Gift boxes and bags could be a way to go but again I'm not sure how much custom you'd get from it with 'smaller scale' but bulk purchase for companies could work.

I'd say the biggest issue isn't so much the concept but the competition. I know we've got a few t-shirt designers on here so they might be able to give you a more 'hands on feedback'


Staff member
Welcome to the forum.

I currently work for a company that is attempting to do a similar thing like a cross between MoonPig/FunkyPigeon and RedBubble/Zazzle.

Firstly I think you'd need to have a niche as the market is pretty saturated/cornered by the big hitters and a host of wanna-be's.
People don't want to scour the web when there are a lot of established companies out there with massive ranges.
"MoooonPig dot com"

Another consideration is the software behind the running of the whole thing for customers to buy product and the side where artists upload their designs.
'I know a company' that invested heavily in one package and it doesn't really work that well and the alternatives like 'Smile' (who I think do GettingPersonal and FunkyPigeon) are REALLY expensive. Something like a minimum of £70,000 just to get started small scale.

From my experience of it, it can be a real headache but saying that, I'm not trying to put you off as it's just my experience dealing with the learning curve.
I'm just trying to give a bit of an insight and I hope your idea could be something that stands apart from the rest.
Hi there.

Thanks for the replies, they've been rather helpful.

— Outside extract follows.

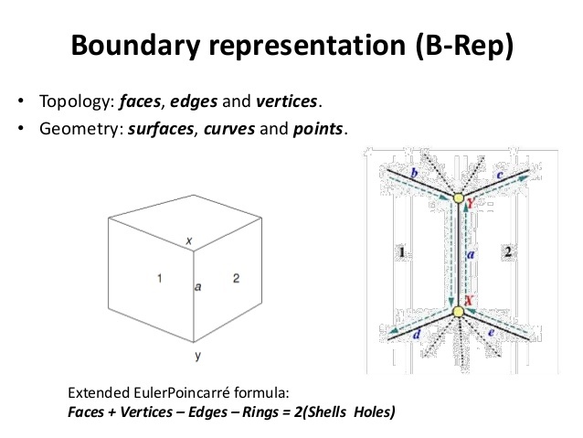 또한, B-Rep 방식을 묻는 경우 '오일러-푸앵카레(포앙카레) 공식'을 묻을 때가 빈번하므로 알아두는 것이 좋다. 한 차원씩 올라갈수록 빼고 더하는것을 교차하며 외운다고 생각하면 편하다. 기호를 점(v), 선(e), 면(f), 입체(s), 초입방체(h)로 두는 경우가 많다.

There are competitors, yes.

The reason why this is different is how we 'source' our designs. Rather than just putting anything up (marketplaces like Etsy, eBay) or having our own designers who, ahum, get 'inspiration' from the designers out in the world (paperchase, moonpig) we will hold mini competitions where the best designs are voted for, the people who have the best designs will get some cash and then royalties on each item sold incorporating their artwork. It's more a sideline for those artists really, or for those who just see it as a hobby.

I did initially think of it as just for wedding stationery, but then I started thinking about other paper products. I know that the analogy to threadless was bound to bring up the notion that people buy t shirts more often than notepads and such (of course they do), but companies such as paperchase, and actually just high street stationers/John Lewis all appear to be expanding their stationery lines into more designed items. The demand is there for sure, this is just a different way of getting indie designs out into the Uk IMO.

The biggest issue I think is attracting the 'community' necessary to make this work. I'm not from a design background and I don't really know anyone who is, but that's why I'm posting here and other places to get opinions!

Software can be an issue, and it will be, if I think about going ahead with this.